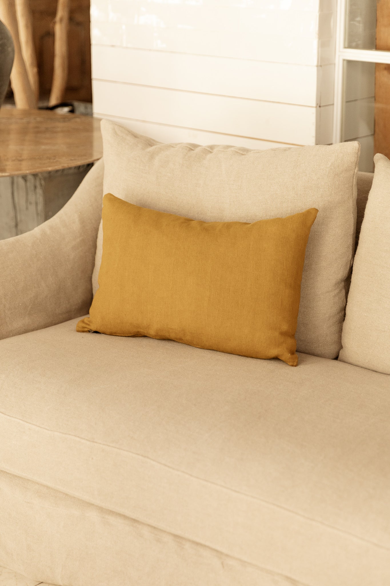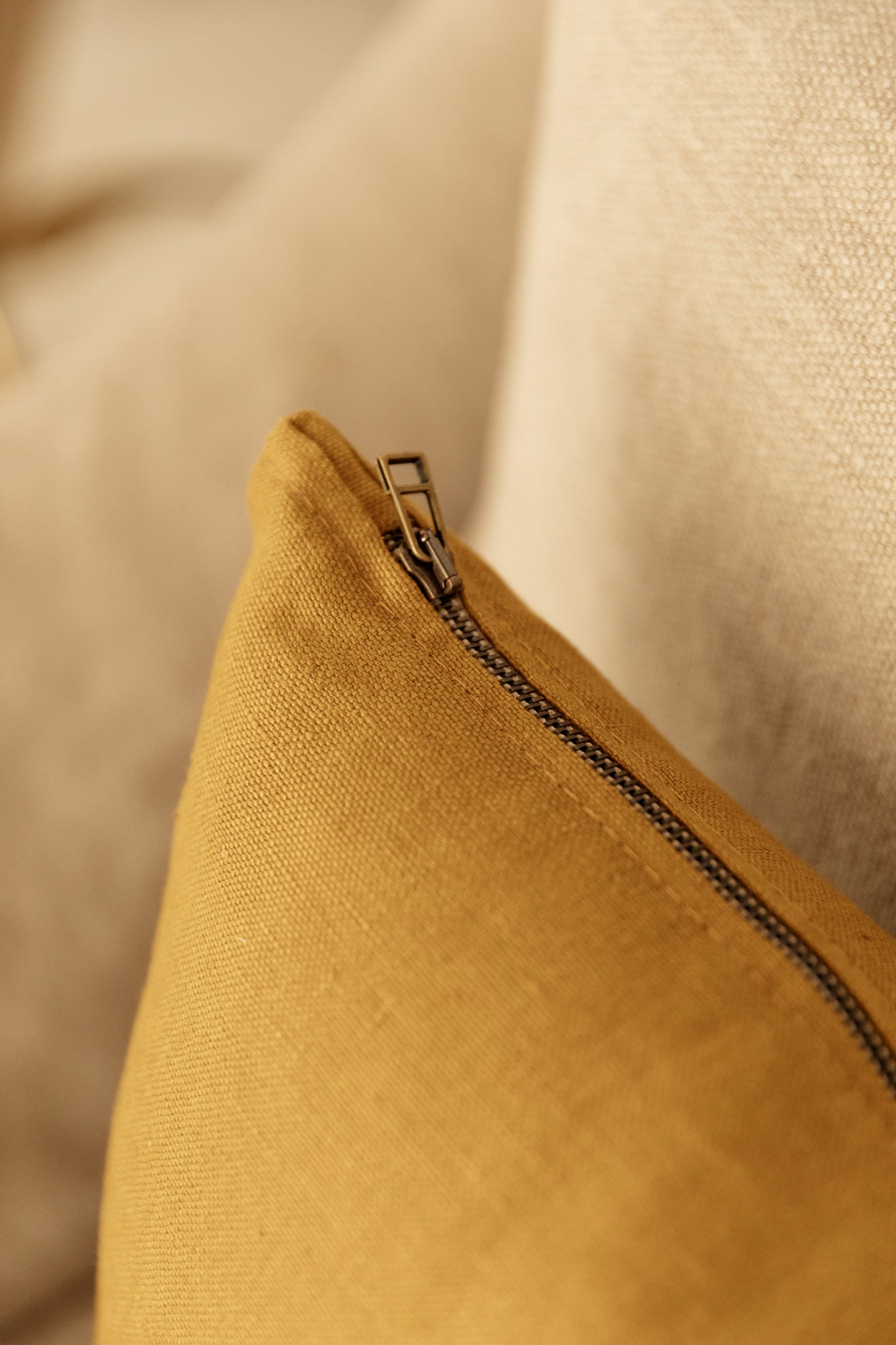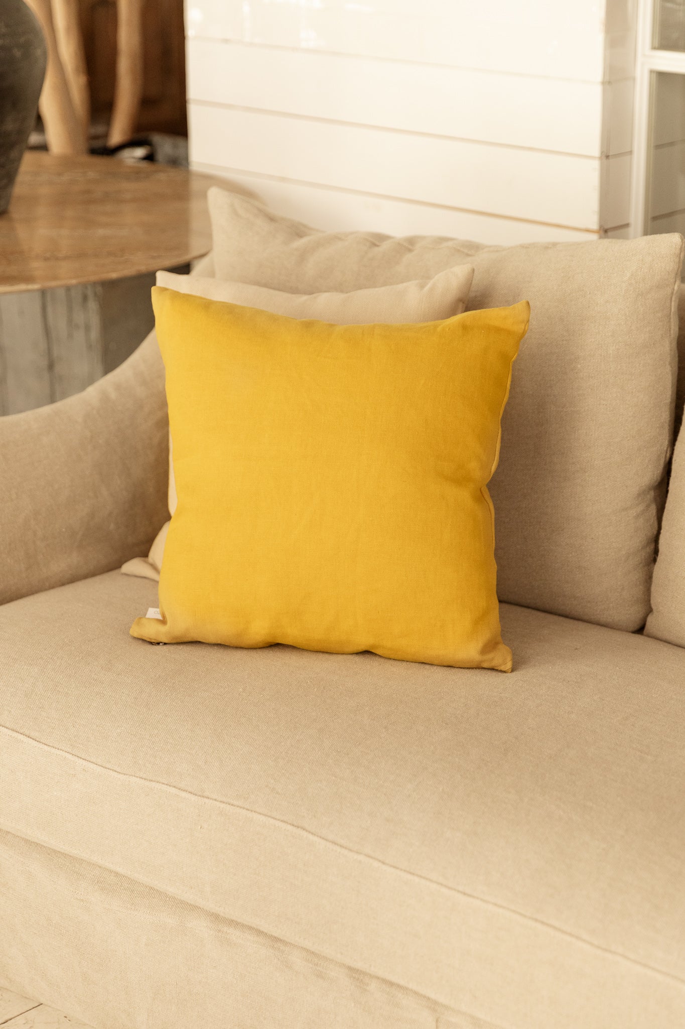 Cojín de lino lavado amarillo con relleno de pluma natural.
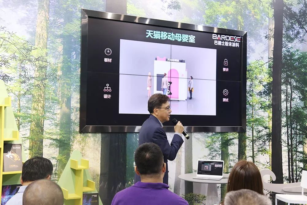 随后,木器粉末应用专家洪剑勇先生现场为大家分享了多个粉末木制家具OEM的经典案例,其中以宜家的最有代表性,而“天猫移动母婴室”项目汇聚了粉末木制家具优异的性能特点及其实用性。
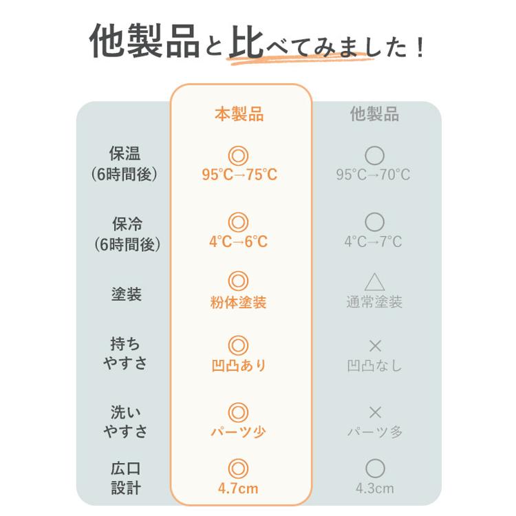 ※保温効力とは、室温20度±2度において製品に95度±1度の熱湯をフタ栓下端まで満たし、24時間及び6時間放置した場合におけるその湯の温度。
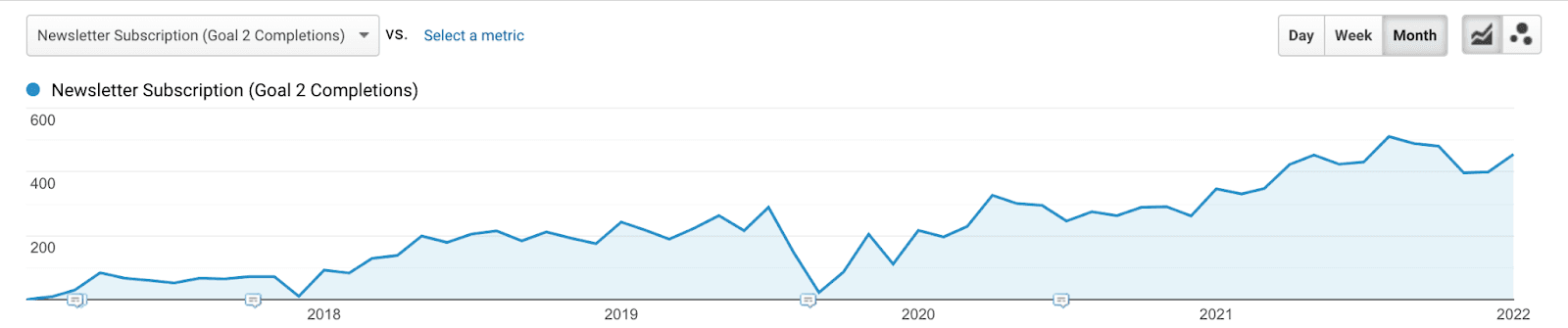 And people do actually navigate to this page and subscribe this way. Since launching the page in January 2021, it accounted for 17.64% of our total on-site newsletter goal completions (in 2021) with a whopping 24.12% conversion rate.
━━━━━━━━━━
## Work order
Retype the listing above exactly, pictures excluded.

## Solution to this problem
 Cojín de lino lavado amarillo con relleno de pluma natural.
 随后,木器粉末应用专家洪剑勇先生现场为大家分享了多个粉末木制家具OEM的经典案例,其中以宜家的最有代表性,而“天猫移动母婴室”项目汇聚了粉末木制家具优异的性能特点及其实用性。
 ※保温効力とは、室温20度±2度において製品に95度±1度の熱湯をフタ栓下端まで満たし、24時間及び6時間放置した場合におけるその湯の温度。
 And people do actually navigate to this page and subscribe this way. Since launching the page in January 2021, it accounted for 17.64% of our total on-site newsletter goal completions (in 2021) with a whopping 24.12% conversion rate.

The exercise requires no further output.